:: Information supplied ::
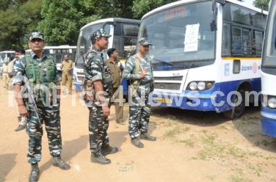 Photo Caption : CRPF personnel for the lok sabha election duty, at Kamala Bai School, Queens Road, in Bengaluru on Thursday 25th April 2024
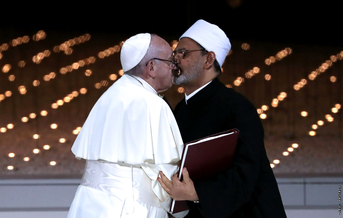 Папа римский Франциск и верховный имам Аль-Азхара зацепились друг за друга очками во время подписания документа о борьбе с экстремизмом в Абу-Даби, ОАЭ
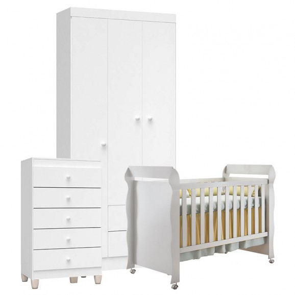 Quarto de Bebê 3 Portas com Gaveteiro Ternura Baby e Berço Mirelle Branco Brilho - Incorplac

:: Required work ::
Only the lines from the one containing "Папа римский Франциск" through the final line of the material should appear in the answer, copied exactly and without any picture.

:: Result of the exercise ::
 Папа римский Франциск и верховный имам Аль-Азхара зацепились друг за друга очками во время подписания документа о борьбе с экстремизмом в Абу-Даби, ОАЭ
 Quarto de Bebê 3 Portas com Gaveteiro Ternura Baby e Berço Mirelle Branco Brilho - Incorplac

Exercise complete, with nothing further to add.